What you have to do — Pick out each line with the word "made" from the material that follows.

Records to use —
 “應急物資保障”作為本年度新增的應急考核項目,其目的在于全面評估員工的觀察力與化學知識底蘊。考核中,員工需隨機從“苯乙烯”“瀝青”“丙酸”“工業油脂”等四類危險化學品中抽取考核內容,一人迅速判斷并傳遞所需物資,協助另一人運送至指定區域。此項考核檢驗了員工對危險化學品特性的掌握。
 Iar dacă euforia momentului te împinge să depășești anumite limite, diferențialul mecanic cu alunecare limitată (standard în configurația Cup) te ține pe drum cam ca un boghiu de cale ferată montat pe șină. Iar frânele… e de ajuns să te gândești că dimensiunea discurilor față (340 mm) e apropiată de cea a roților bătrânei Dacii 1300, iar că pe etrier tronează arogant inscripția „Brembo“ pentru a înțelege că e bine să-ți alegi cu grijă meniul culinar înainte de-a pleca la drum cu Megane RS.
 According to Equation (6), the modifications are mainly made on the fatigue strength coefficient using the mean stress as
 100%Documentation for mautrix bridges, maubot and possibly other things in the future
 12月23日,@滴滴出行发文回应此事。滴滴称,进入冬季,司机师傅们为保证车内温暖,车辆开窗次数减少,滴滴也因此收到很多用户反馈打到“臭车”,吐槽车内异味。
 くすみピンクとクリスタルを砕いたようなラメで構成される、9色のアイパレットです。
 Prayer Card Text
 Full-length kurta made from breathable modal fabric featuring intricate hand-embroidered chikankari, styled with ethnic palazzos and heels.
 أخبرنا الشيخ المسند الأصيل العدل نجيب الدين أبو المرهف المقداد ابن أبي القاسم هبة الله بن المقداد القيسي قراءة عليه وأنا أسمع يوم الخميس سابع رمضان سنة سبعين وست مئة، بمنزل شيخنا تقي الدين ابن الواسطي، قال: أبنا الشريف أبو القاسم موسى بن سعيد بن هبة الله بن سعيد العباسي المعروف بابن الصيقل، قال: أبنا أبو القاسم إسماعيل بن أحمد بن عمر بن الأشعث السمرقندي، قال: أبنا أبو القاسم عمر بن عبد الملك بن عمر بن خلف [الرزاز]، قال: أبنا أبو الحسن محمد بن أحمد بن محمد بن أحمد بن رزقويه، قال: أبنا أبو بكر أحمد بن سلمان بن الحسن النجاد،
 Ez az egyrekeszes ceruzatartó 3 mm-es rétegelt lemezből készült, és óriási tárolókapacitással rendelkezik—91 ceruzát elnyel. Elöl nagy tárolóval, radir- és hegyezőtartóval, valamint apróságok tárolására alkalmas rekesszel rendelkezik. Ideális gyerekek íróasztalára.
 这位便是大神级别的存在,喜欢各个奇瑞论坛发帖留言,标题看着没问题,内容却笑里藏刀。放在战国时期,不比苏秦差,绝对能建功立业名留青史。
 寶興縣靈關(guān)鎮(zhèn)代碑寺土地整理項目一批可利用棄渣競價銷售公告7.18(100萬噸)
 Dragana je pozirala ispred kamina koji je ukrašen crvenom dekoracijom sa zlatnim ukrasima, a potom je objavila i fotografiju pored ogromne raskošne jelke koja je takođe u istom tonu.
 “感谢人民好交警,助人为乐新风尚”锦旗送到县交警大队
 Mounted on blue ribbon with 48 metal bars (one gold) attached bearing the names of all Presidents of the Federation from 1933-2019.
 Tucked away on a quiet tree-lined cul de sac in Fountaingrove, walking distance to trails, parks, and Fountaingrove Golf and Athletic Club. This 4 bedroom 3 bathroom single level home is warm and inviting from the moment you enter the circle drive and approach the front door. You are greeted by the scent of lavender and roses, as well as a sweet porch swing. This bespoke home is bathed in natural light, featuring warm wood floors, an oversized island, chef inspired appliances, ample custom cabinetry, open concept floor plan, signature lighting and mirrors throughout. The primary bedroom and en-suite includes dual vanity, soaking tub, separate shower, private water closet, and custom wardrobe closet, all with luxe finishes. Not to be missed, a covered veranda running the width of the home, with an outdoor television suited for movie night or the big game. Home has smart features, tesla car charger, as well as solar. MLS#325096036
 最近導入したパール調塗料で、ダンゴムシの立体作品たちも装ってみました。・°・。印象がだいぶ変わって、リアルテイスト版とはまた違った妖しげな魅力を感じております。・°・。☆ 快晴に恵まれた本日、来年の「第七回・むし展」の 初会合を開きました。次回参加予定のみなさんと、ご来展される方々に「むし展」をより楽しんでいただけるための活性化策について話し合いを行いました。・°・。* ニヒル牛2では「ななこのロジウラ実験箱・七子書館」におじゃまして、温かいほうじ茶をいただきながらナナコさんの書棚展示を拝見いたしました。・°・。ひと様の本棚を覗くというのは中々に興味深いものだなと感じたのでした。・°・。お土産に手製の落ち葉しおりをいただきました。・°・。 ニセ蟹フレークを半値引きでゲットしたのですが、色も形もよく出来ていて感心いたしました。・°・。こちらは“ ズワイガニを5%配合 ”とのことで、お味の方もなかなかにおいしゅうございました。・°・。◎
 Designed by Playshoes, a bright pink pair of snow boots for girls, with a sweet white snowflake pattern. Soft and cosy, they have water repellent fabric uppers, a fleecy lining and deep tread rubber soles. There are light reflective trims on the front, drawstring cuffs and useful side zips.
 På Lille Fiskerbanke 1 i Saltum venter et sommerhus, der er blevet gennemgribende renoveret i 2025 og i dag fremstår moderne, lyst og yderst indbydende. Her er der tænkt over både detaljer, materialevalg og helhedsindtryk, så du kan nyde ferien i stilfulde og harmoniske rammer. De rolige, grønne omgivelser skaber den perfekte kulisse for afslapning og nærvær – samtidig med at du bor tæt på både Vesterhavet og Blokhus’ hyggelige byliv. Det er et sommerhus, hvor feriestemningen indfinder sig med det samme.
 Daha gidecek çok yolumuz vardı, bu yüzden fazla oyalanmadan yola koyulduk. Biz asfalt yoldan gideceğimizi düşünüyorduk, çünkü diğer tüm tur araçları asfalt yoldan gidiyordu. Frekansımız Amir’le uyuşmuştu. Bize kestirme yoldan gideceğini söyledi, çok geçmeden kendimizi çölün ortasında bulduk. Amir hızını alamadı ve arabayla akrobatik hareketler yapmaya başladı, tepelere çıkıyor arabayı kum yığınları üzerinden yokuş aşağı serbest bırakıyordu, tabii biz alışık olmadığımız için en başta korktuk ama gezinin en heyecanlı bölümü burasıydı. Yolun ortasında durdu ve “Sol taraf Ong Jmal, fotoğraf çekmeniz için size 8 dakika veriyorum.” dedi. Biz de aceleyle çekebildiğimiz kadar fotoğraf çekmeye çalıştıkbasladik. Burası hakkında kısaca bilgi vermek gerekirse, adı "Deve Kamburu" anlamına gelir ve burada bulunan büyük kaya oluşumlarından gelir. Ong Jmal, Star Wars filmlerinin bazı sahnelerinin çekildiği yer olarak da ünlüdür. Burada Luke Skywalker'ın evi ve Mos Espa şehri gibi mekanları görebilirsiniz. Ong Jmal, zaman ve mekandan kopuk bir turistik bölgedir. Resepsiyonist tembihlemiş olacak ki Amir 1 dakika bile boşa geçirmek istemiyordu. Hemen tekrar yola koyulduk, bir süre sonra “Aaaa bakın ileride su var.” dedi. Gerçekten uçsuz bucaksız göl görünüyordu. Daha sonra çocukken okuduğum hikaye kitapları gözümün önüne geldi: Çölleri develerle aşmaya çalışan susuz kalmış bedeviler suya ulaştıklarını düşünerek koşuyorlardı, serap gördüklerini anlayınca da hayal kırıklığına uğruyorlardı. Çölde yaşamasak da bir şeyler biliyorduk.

Expected answer —
 According to Equation (6), the modifications are mainly made on the fatigue strength coefficient using the mean stress as
 Full-length kurta made from breathable modal fabric featuring intricate hand-embroidered chikankari, styled with ethnic palazzos and heels.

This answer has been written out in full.